Крушение европейской цивилизации, о котором говорил Шестов, Женевьева Пирон увидела воочию, держа его книгу в руках, и для нее вдруг ожили слова о «пророческом» призвании русской мысли. Как одно событие она пережила  встречу с предсказываемым  Шестовым крушением Европы и с ее возрождением, открываемым реабилитацией русской религиозной мысли. Ушел кантовский Кенигсберг как символ рухнувшей  цивилизации с ее благодушием, самоуверенностью в своем «чистом  и практическом разуме», моральным удовлетворением от «постоянства прогресса», оказавшегося мнимостью. Явился вдруг Книгс-берг, гора и город русских книг, внезапно всплывших из забвения, как загадочная Атлантида из вод Леты. «Мои мысли бегут к маленькой даме-продавщице книг из Калининграда, ко всем тем, кто сохранил и передал то, что дает силу жить в культуре». Глагол жизни – последнее слово предисловия и первое слово всей мысли и Шестова, и Женевьевы Пирон.

Ариадниной нитью в герменевтическом лабиринте шестовского жизнесловия служит вынесенное в заглавие книги  слово  «déracinement»[iv]. Шестов назван в ней «философом беспочвенности (déracinement)», что отсылает прежде всего к его, быть может, самой блистательной книге («Апофеоз беспочвенности.

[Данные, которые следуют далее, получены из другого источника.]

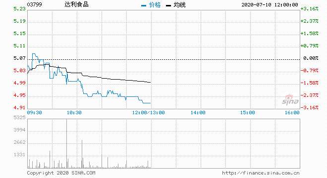 麥格理發(fā)布報告稱,達利食品的食品銷售于3月底回暖,因補充庫存所致,上漲趨勢將于5月及6月持續(xù)。飲品銷售于5月回復增長,同時勝該行預期。麥格理升達利上半年銷售預期,預計跌6.7%,與達利中至高單位數(shù)跌幅的指引相符,同時升今明兩年盈利預測分別11%及6%;維持“跑輸大市”評級,目標價由3.7元升至3.9元。
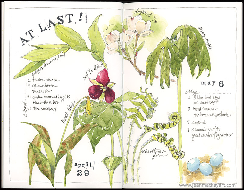 Each year we wait. We count the days, watch the weather, complain, wait longer. Our patience stretched thin by the cold and by gray skies that are slow to yield to clear blue. Then suddenly, at last, we are surrounded by green. I can never keep up; never find time enough sketch or paint it all. Still, this year as in the past, it is a pleasure to try.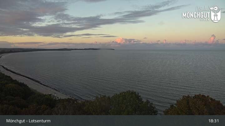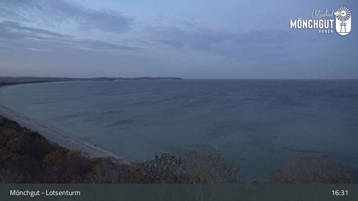 Die Webcam ist am Lotsenturm bei Thiessow positioniert und zeigt den Blick auf die Halbinsel Mönchgut, die zu Rügen gehört und an der Ostsee liegt.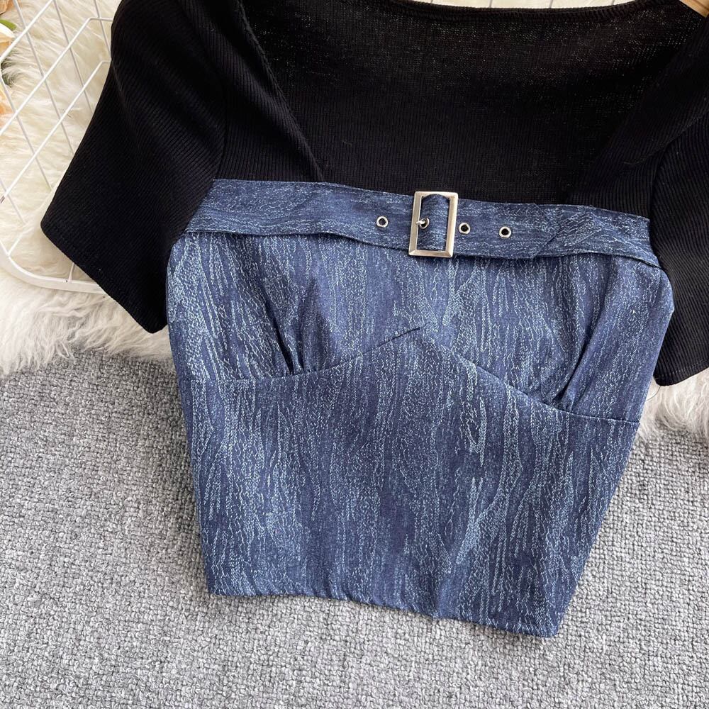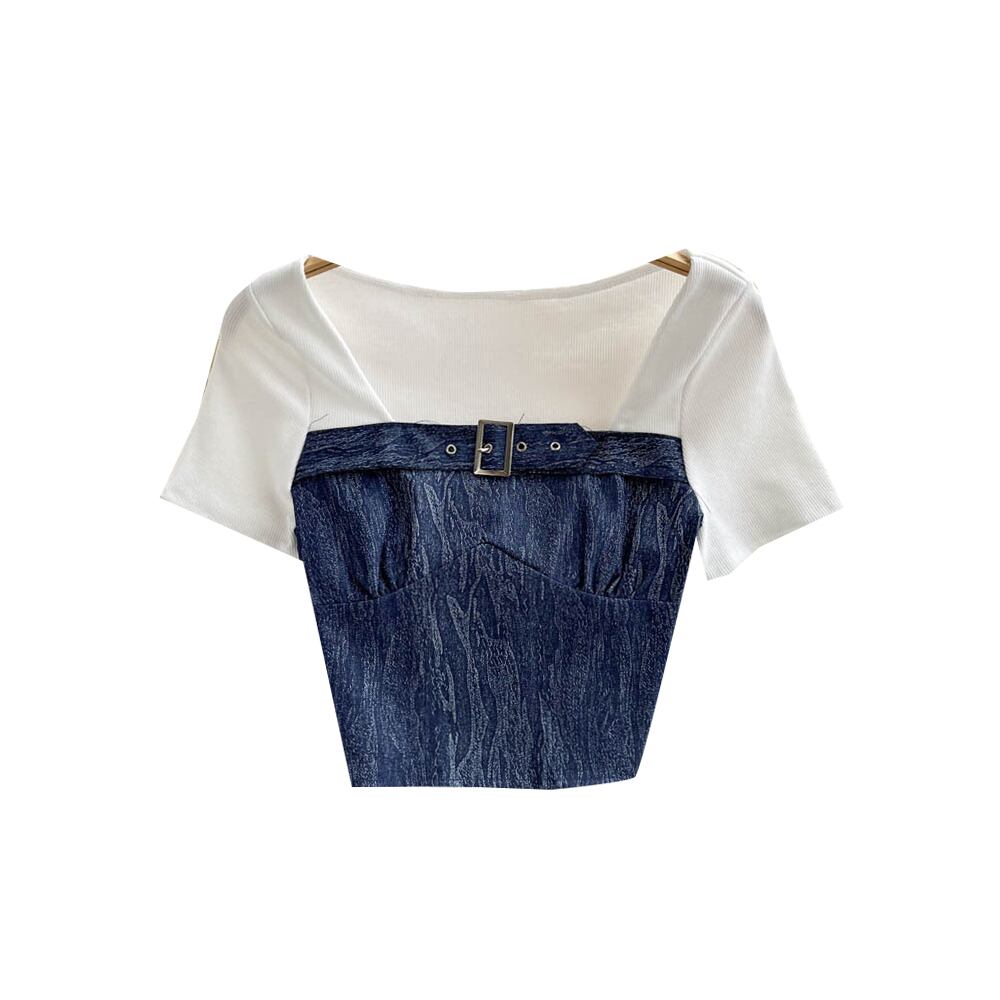 Summer self-cultivation small shirt pure desire wind niche t-shirt fake two-piece square collar collarbone bottoming shirt short-sleeved short top women ショート サマー 夏物 Tシャツ ピュア スクウェア lyxaj30402212370

Опыт адогматического мышления», 1905). С.Л. Франк был не так уж далек от истины, сказав, что все последующее творчество Льва Шестова оказалось, по сути дела, лишь переписыванием этой книги – настолько сильно и  полно он смог выразить в ней свою  недоступную прямому высказыванию мысль-интуицию. «С 1903 г. в рукописях, а с 1905 г. в опубликованных текстах, - говорит Пирон, - слово “беспочвенность” становится центральным  в философии Шестова» [Там же, 86].  Что Шестов имеет в виду, когда произносит это пугающее слово? «Задача философии, - говорит русский мыслитель в своем “Апофеозе беспочвенности”, - научить нас жить в неизвестности». И еще: «Люди мало умеют отзываться на происходящие вокруг них ужасы, но бывают минуты, когда дикая, вопиющая несообразность и обидность нашего положения вдруг предстанет пред нами с неотразимой ясностью <…> И тогда почва уходит из-под наших ног» [Шестов 1995, 197]. Происходит экзистенциальный шок, и мы оказываемся «в свободном полете». Не в бездну ли? И стоит ли на дне ее Бог с гуттаперчевой сеткой для нас? Вот вопрос. Его-то и пытается сформулировать и дать на него ответ Лев Шестов. Этот борец за невозможное и очень добрый, отзывчивый человек из семьи еврейского коммерсанта был русским правдоискателем в философии. В ней, среди  ржавеющих, как барки Калининграда, метафизических систем искал он заранее им отвергаемое успокоение своей неугасимой «метафизической обеспокоенности» (l`inquiétude métaphysique), как сказал бы Габриэль Марсель.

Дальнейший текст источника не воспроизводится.